Activity: Set out exactly every line of the entries below, starting at the line that holds "filename (continued) |" and stopping after the line that holds "Schott NYC Down".

Dataset records:
▼
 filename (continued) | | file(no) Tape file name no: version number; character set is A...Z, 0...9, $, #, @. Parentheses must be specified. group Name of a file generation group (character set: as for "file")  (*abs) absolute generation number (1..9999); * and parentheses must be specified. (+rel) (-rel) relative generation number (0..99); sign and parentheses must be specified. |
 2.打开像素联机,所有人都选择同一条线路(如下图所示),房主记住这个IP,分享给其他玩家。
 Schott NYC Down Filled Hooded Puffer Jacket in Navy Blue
▲
▼
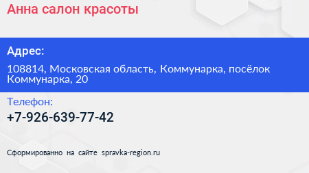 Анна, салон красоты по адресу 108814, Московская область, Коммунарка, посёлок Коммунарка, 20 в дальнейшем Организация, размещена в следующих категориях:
▲
Reply:
 filename (continued) | | file(no) Tape file name no: version number; character set is A...Z, 0...9, $, #, @. Parentheses must be specified. group Name of a file generation group (character set: as for "file")  (*abs) absolute generation number (1..9999); * and parentheses must be specified. (+rel) (-rel) relative generation number (0..99); sign and parentheses must be specified. |
 2.打开像素联机,所有人都选择同一条线路(如下图所示),房主记住这个IP,分享给其他玩家。
 Schott NYC Down Filled Hooded Puffer Jacket in Navy Blue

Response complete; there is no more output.